Entries shown
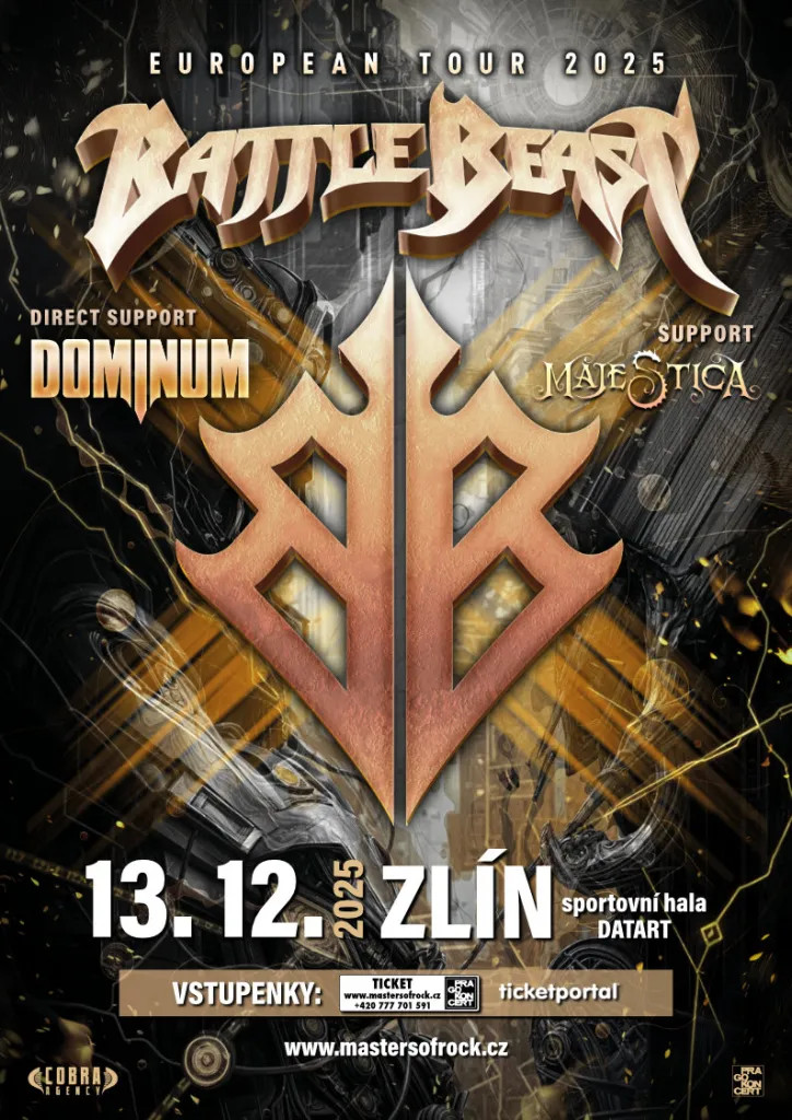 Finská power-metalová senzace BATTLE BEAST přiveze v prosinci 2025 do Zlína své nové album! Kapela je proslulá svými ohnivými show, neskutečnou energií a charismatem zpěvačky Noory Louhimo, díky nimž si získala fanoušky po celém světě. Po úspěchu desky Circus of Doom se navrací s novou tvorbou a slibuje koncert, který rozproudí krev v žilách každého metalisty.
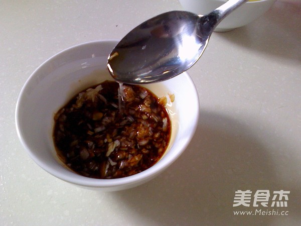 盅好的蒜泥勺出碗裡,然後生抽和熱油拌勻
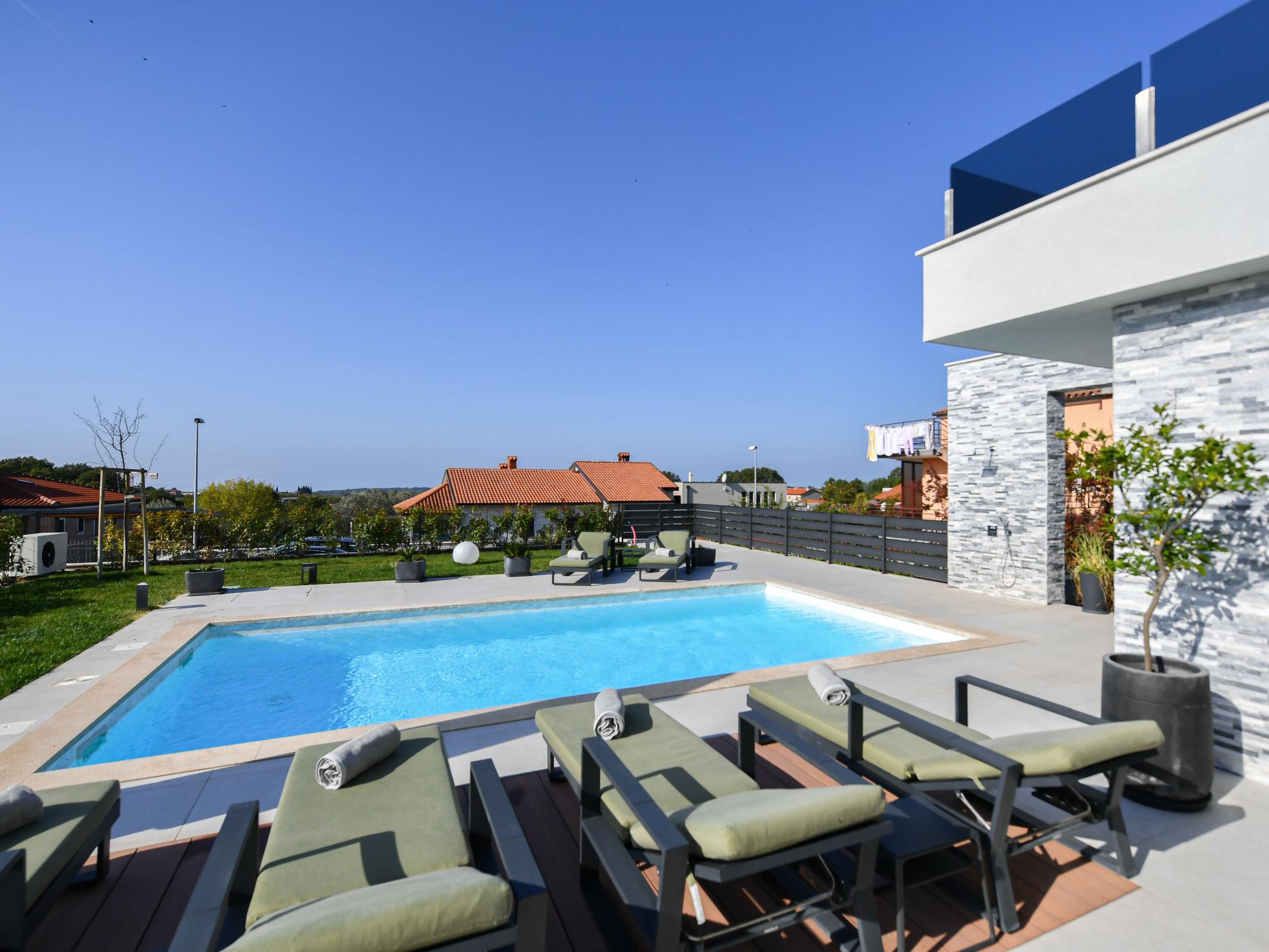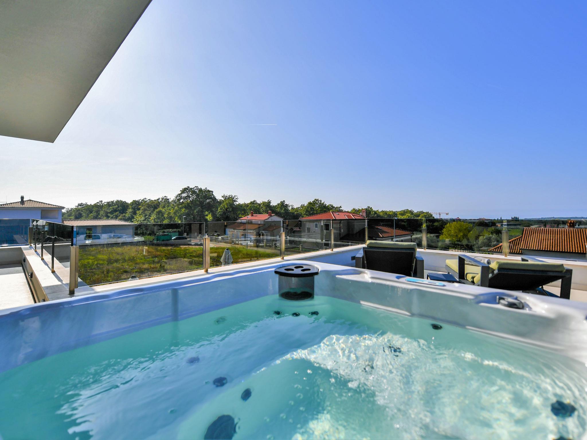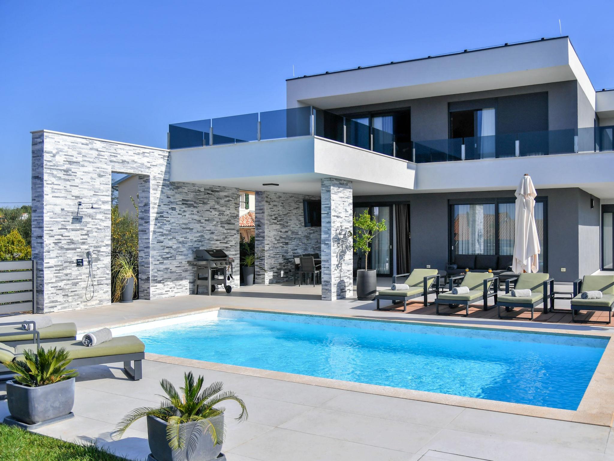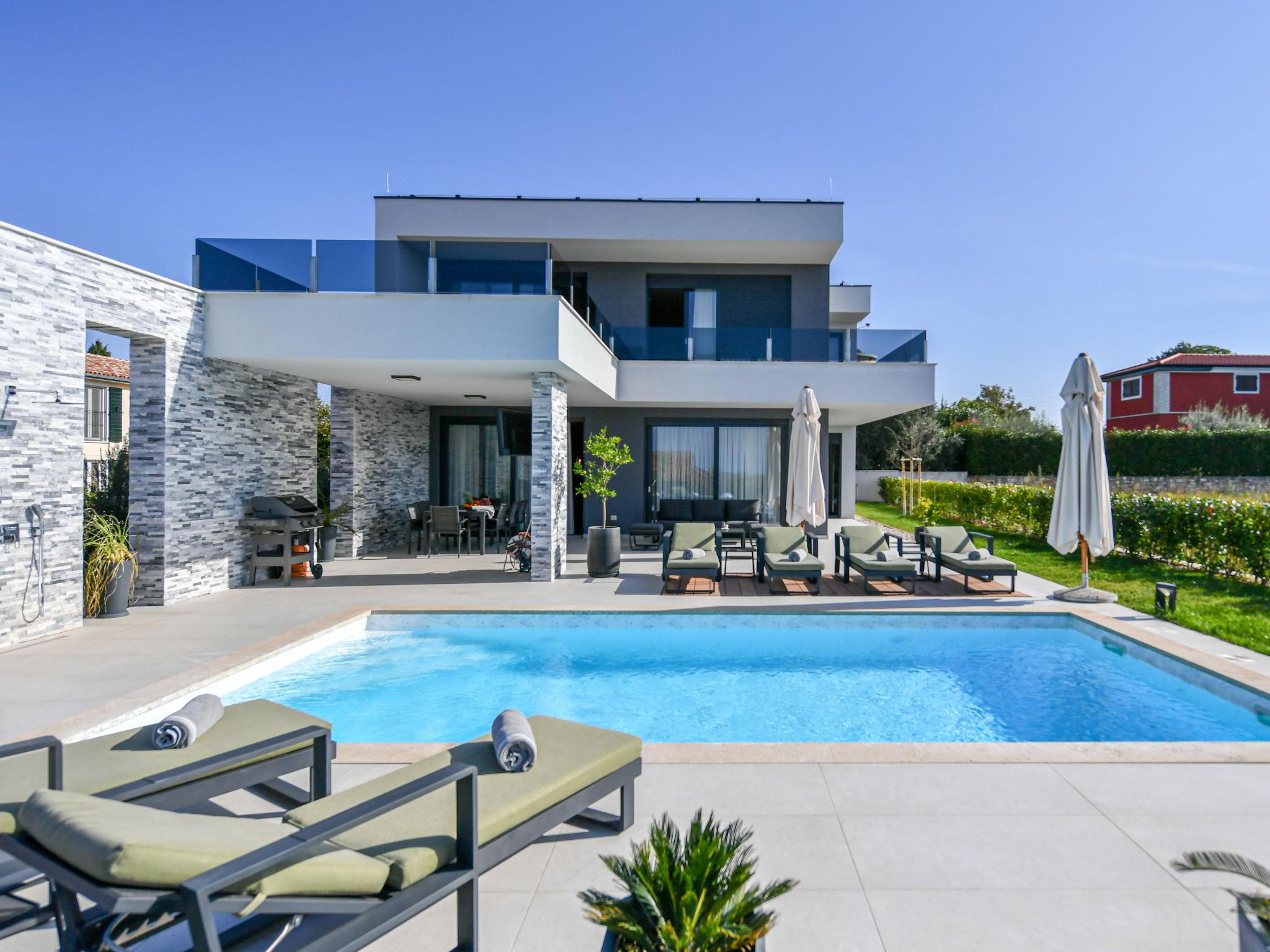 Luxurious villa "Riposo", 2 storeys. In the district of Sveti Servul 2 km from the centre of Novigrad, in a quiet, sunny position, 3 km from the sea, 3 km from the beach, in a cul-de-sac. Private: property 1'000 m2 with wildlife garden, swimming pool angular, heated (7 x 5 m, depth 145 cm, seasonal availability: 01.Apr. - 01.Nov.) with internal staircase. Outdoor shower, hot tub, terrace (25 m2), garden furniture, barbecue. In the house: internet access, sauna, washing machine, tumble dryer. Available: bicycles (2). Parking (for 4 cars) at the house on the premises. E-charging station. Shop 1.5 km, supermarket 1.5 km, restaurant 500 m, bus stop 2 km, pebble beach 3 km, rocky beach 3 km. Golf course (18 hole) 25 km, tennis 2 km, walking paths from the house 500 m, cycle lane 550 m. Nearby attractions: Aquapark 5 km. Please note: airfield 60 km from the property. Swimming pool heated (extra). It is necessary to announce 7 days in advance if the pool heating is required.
* * *
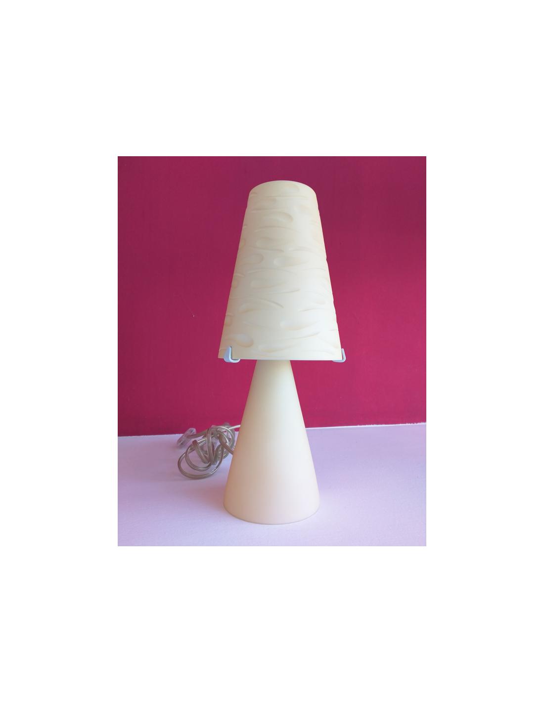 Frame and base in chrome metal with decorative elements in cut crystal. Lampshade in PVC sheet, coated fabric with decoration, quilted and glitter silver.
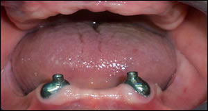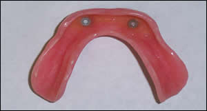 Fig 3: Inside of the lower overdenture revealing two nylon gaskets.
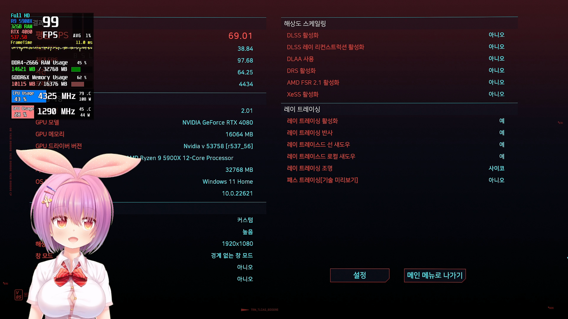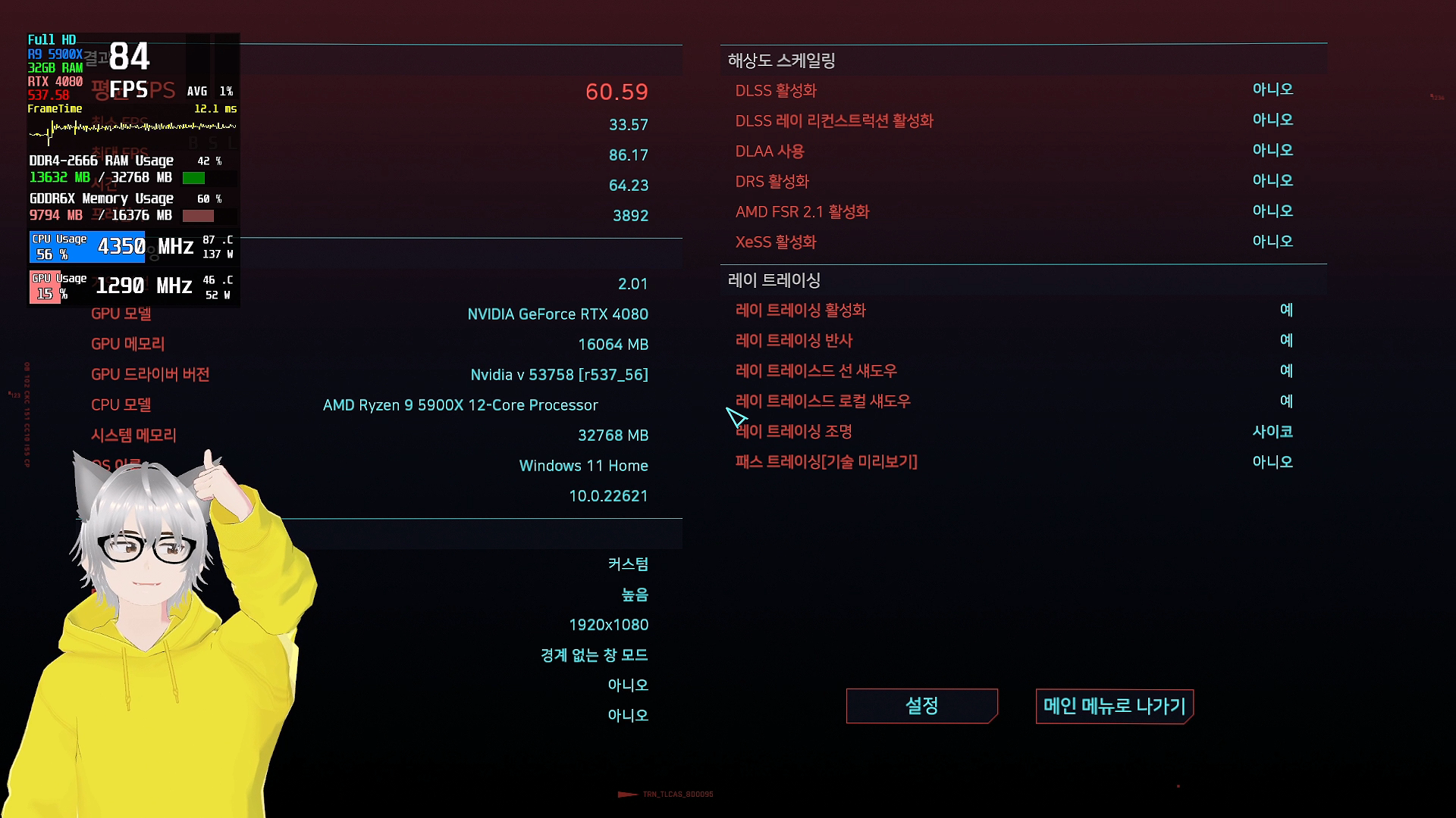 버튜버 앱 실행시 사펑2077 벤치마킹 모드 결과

Work required
Starting at the line containing "Frame and base" and stopping at the line containing "버튜버 앱 실행시 사펑2077 벤치마킹 모드 결과", output every line above exactly, both ends included, with pictures omitted.

Worked solution
 Frame and base in chrome metal with decorative elements in cut crystal. Lampshade in PVC sheet, coated fabric with decoration, quilted and glitter silver.
 Fig 3: Inside of the lower overdenture revealing two nylon gaskets.
 버튜버 앱 실행시 사펑2077 벤치마킹 모드 결과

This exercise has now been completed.